WHAT TO DO -
Using the records that appear below, write out exactly the lines from the one with "Seleção para vaga" through the one with "Просто и безопасно!", keeping both end lines.

Data entries -
BEGIN

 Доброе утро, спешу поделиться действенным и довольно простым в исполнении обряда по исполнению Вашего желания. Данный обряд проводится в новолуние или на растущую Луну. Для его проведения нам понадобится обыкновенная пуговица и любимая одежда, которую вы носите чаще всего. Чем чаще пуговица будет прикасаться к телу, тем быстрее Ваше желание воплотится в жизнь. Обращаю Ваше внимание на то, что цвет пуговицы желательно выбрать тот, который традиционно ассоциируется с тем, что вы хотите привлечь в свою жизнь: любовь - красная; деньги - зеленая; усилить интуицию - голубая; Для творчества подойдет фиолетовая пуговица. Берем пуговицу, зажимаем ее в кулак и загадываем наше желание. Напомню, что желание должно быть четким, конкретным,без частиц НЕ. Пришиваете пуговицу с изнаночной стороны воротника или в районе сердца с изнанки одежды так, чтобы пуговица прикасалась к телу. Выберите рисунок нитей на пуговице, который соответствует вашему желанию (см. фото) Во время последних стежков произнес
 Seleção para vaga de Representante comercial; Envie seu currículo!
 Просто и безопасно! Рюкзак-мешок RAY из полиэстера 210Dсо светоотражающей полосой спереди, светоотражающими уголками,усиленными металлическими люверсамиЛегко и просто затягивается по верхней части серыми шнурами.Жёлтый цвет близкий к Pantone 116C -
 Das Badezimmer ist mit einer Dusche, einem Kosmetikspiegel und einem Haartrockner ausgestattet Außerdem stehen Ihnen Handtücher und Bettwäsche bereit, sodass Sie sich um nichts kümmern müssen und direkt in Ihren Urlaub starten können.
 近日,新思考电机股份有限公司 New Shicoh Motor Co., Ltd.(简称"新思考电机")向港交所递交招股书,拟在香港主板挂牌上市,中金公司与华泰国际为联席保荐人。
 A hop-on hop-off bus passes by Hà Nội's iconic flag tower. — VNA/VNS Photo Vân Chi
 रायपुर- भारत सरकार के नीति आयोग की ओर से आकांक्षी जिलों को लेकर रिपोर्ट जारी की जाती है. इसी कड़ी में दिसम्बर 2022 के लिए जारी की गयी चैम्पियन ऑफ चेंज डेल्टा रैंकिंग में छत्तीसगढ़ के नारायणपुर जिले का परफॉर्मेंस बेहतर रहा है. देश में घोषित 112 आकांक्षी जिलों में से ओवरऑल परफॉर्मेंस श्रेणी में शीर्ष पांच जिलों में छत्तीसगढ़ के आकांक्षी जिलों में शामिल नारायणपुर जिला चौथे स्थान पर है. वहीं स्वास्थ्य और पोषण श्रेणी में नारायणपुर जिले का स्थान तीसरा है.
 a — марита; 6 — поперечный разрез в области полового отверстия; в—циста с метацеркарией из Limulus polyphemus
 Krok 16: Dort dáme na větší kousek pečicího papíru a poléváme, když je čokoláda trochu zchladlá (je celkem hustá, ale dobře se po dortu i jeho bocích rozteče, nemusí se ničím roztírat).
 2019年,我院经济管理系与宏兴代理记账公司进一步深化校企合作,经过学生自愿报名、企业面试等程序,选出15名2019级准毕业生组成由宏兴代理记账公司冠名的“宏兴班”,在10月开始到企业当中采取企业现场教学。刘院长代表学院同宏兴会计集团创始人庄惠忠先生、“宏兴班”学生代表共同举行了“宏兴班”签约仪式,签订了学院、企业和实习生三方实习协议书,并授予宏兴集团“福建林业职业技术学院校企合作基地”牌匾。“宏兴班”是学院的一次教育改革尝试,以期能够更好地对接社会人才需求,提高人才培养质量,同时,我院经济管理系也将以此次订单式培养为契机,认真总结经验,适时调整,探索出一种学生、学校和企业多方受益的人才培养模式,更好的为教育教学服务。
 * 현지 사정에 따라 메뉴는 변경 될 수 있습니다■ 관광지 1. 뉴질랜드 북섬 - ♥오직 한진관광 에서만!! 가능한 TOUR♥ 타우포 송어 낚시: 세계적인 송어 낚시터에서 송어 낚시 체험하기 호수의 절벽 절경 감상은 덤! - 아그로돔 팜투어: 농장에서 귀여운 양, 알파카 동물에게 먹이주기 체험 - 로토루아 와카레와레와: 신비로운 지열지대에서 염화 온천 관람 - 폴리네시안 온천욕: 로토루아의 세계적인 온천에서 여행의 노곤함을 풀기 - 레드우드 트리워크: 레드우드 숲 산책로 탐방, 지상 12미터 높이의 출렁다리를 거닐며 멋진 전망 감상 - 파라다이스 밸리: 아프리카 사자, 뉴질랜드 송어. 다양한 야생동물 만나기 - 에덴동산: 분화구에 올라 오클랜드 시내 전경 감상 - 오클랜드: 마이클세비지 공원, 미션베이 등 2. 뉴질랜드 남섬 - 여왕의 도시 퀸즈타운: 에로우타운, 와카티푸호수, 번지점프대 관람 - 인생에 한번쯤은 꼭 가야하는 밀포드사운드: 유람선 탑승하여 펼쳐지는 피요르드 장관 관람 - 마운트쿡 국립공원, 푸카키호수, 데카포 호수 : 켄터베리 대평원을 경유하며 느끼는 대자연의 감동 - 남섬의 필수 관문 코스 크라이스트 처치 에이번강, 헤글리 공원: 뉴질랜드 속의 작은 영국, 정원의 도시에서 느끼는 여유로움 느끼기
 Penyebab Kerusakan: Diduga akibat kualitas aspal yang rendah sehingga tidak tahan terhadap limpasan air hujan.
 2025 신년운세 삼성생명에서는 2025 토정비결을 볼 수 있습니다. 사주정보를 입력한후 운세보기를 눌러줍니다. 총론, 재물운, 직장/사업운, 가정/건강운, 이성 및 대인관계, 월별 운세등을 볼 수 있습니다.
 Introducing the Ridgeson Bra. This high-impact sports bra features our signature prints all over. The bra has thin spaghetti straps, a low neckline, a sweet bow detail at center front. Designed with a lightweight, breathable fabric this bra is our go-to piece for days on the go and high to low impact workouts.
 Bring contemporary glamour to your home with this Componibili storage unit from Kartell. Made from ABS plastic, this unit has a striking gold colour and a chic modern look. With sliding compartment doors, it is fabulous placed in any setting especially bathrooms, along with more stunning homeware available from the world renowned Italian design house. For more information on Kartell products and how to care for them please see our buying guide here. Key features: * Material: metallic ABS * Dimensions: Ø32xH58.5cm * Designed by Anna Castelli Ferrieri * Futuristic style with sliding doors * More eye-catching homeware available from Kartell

END

FINAL ANSWER -
 Seleção para vaga de Representante comercial; Envie seu currículo!
 Просто и безопасно! Рюкзак-мешок RAY из полиэстера 210Dсо светоотражающей полосой спереди, светоотражающими уголками,усиленными металлическими люверсамиЛегко и просто затягивается по верхней части серыми шнурами.Жёлтый цвет близкий к Pantone 116C -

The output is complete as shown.